WHAT THE EXERCISE ASKS
Give the listing again exactly, skipping any pictures it holds.

DATA PROVIDED
*** Block opens ***

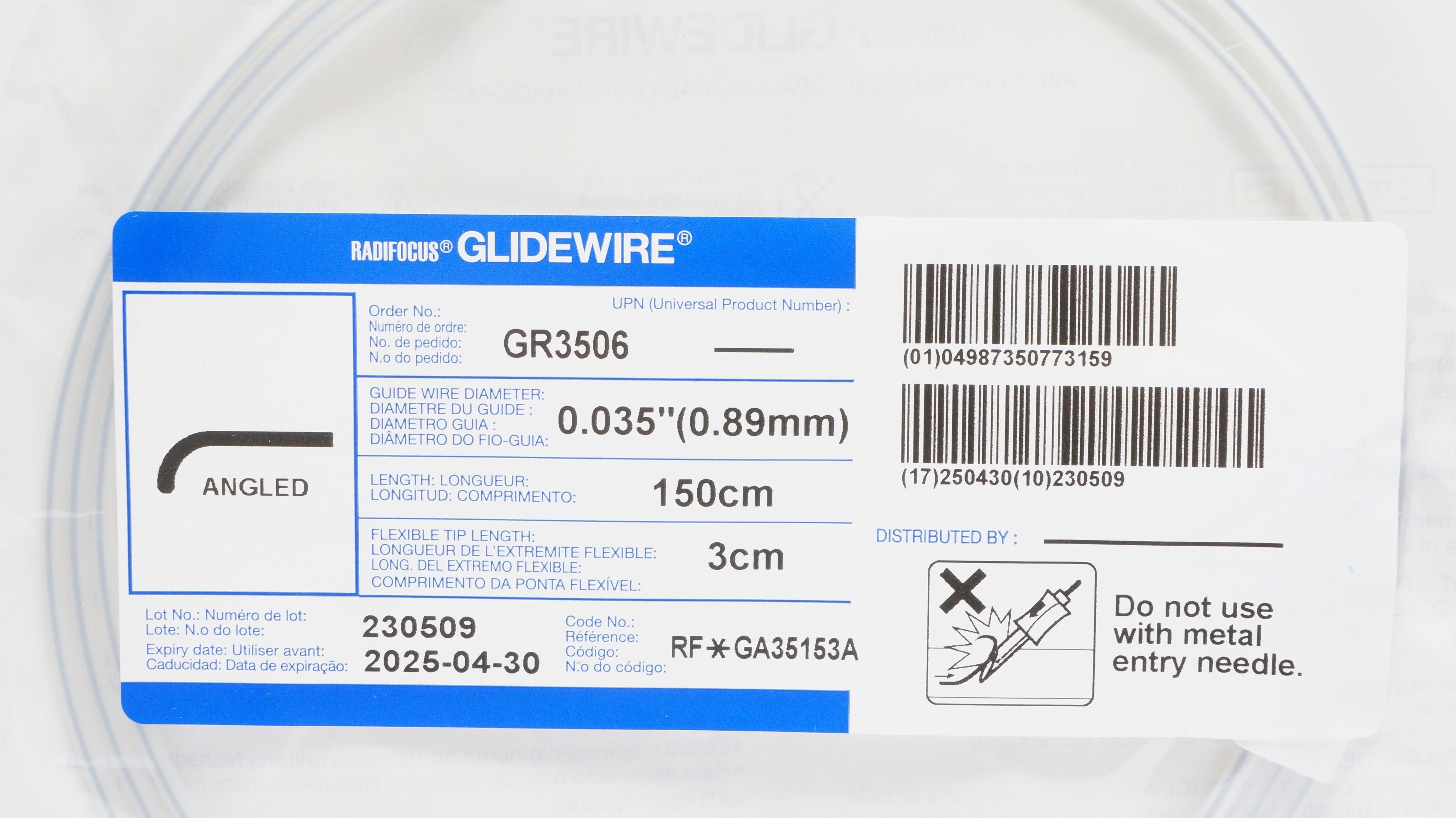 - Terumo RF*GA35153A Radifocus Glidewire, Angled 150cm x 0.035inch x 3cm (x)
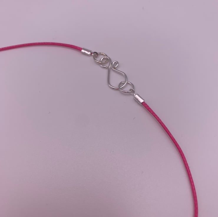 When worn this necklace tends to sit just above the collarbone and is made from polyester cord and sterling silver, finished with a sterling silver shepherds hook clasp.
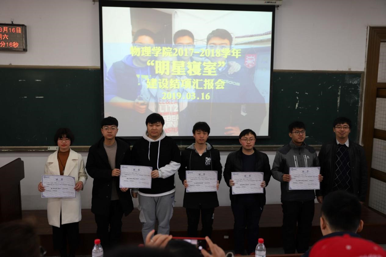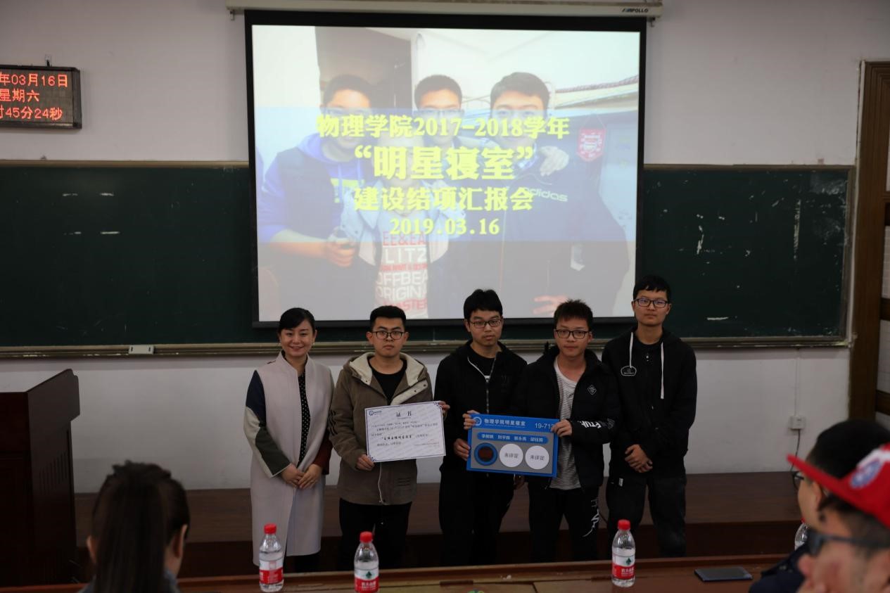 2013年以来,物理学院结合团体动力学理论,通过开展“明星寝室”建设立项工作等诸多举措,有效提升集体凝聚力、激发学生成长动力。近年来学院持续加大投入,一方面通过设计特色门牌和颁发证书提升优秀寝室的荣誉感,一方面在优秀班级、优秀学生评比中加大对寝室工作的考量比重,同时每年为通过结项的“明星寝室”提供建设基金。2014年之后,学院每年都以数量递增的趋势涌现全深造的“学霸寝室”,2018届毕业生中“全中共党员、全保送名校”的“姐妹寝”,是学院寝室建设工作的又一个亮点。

*** Block closes ***

YOUR SOLUTION
 - Terumo RF*GA35153A Radifocus Glidewire, Angled 150cm x 0.035inch x 3cm (x)
 When worn this necklace tends to sit just above the collarbone and is made from polyester cord and sterling silver, finished with a sterling silver shepherds hook clasp.
 2013年以来,物理学院结合团体动力学理论,通过开展“明星寝室”建设立项工作等诸多举措,有效提升集体凝聚力、激发学生成长动力。近年来学院持续加大投入,一方面通过设计特色门牌和颁发证书提升优秀寝室的荣誉感,一方面在优秀班级、优秀学生评比中加大对寝室工作的考量比重,同时每年为通过结项的“明星寝室”提供建设基金。2014年之后,学院每年都以数量递增的趋势涌现全深造的“学霸寝室”,2018届毕业生中“全中共党员、全保送名校”的“姐妹寝”,是学院寝室建设工作的又一个亮点。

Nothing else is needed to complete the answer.